- Bishop Finnemann ca. 1937
- Church: Roman Catholic Church
- Diocese: Calapan
- See: Calapan
- Appointed: 4 December 1936
- Term ended: 26 October 1942
- Successor: Henry Ederle
- Other posts: Auxiliary Bishop of Manila (1929-36); Titular Bishop of Sora (1929-36); Prefect of Mindoro (1936-42);

Orders
- Ordination: 29 June 1911
- Consecration: 21 May 1929 by Michael James O'Doherty

Personal details
- Born: Wilhelm Finnemann 18 December 1882 Soest, North Rhine-Westphalia German Empire
- Died: 26 October 1942 (aged 59) Near Verde Island, Batangas, Philippines

= William Finnemann =

Roman Catholic bishop

William (Wilhelm) Finnemann (December 18, 1882 – October 26, 1942) was a priest of the Society of the Divine Word, auxiliary bishop of Manila and apostolic vicar of Calapan, the Philippines. He was martyred by the Japanese through being thrown into the sea near Verde Island off the coast of Batangas City, Batangas.

==Early life==
Born in Büninghausen, Soest, North Rhine-Westphalia in the German Empire, to Bernhard and Elizabeth Nasse. Finnemann was the second oldest of fourteen children. He learned shoemaking from his uncle to help with the family expenses.

== Education ==
The pastor of the Hultrop, Dr. Bernhard Köper, invited him to study in a Latin Catholic public school, where he proved a good student.

Young Finnemann wrote to various missionary religious orders asking to be admitted. Arnold Janssen, founder of the Society of the Divine Word, accepted. With his parents' permission and a letter of recommendation from Köper, Finnemann entered the seminary in April 1900. Köper had also generously offered to cover the cost. Finnemann was ordained as priest on October 1, 1911.

== Priesthood ==
In 1912, Finnemann came to the Philippines. He was assigned to Abra, a province in the northern Philippines.
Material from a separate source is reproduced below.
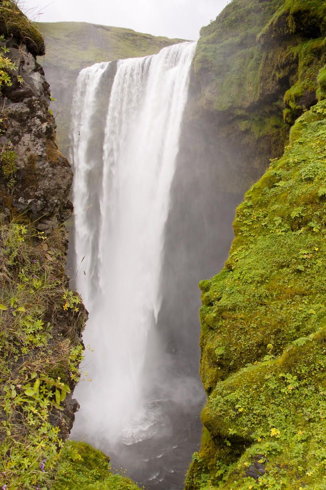 Вид на водопад через ущелье

For five years, he set about establishing parishes, building schools and handling pastoral care. He became a naturalized Filipino. With the outbreak of World War I, in 1918 he was taken into protective custody by the Americans and brought to the USA, winding up at the Society's St. Mary's Mission Seminary in Techny, Illinois where he remained for some years. He was made professor of Latin and Greek from 1920-1922. He later returned to Abra and from 1923-1926 he was made Procurator of the Society of the Divine Word in the Philippine Islands. In 1926, he became the parish priest of the new Holy Ghost Church which was put under the administration of his order.

==Bishop==
In 1929, he was appointed Auxiliary Bishop of Manila, and served as chairman of the first National Eucharistic Congress. Finnemann also became Vicar General of the Curia Eclesiastica and Administrator of Obras Pias at the Archbishop's Palace. In 1936, he was named prefect apostolic of Mindoro (now Apostolic Vicariate of Calapan), and returned home to Hultrop for a brief visit.
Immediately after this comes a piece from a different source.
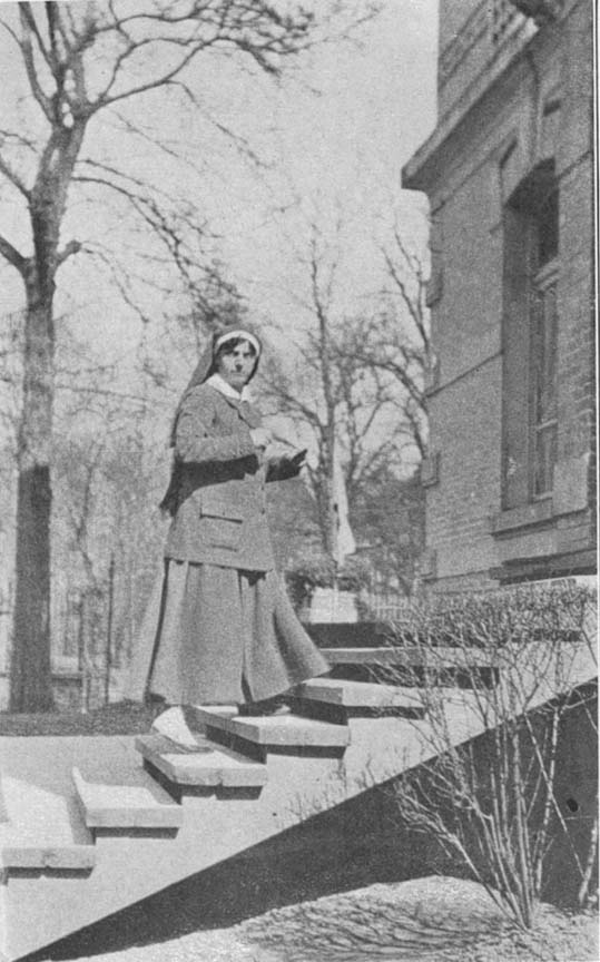 She was in her hospital at Compiègne when the news of the German retreat from Noyon reached her. At once she ordered out her ambulance and filled it with what supplies she had, and started, and was in Noyon a little more than twenty-four hours after the last German had moved out. Most of the houses she found destroyed, and all the furniture had either been taken away or made useless. There was not one pane of glass in the town or a stitch of clothing or household utensil left of any kind.

During the Japanese occupation of World War II, Bishop Finnemann publicly denounced the arbitrary acts of Japanese soldiers against the civilian population and vigorously resisted the occupation of church property. He refused to allow women and girls to be raped by Japanese soldiers. Finnemann was frequently arrested and subjected to beatings. He resisted plans to escape saying that a shepherd cannot abandon his flock.
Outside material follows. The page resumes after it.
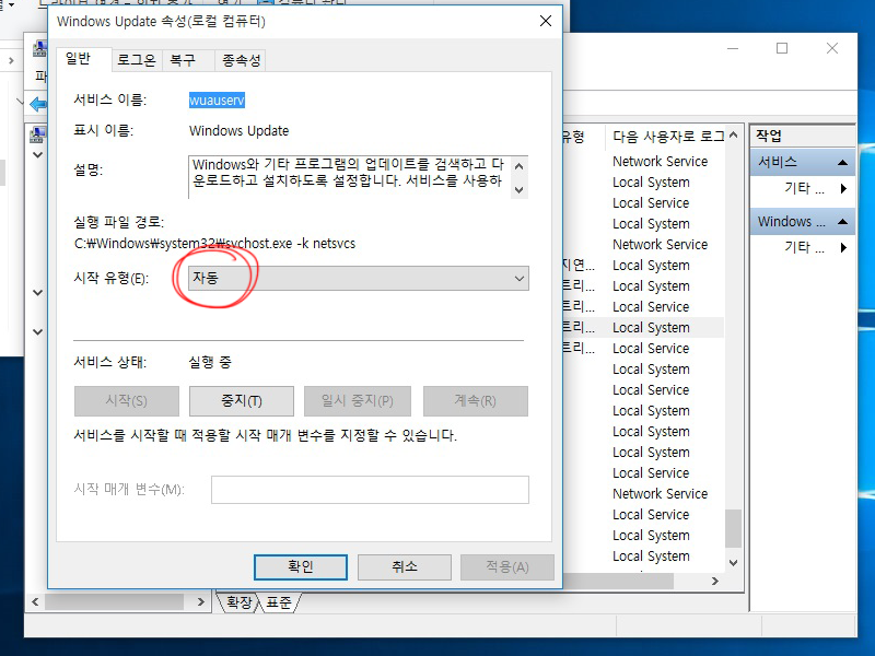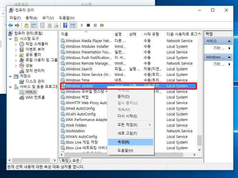 3)서비스 항목중 windows update를 선택하고 속성으로 이동한다.

On October 26, 1942, he was taken aboard a military boat on the pretext of being transferred to Manila for a court martial. The bishop was aware he was unlikely to survive. Once out in the deep waters between Calapan and Batangas, he was bound and thrown overboard because he refused to turn over to the Japanese army a convent of the Holy Spirit Sisters for use as a brothel.

== Cause of beatification ==
Finnemann is currently in consideration for beatification. On December 7, 1999, he was declared Servant of God.

== Legacy ==
The Knights of Columbus dedicated a park to Finnemann named Bishop William J. Finnemann, SVD Memorial Plaza on 12 Quezon Dr, Calapan, Oriental Mindoro, Philippines.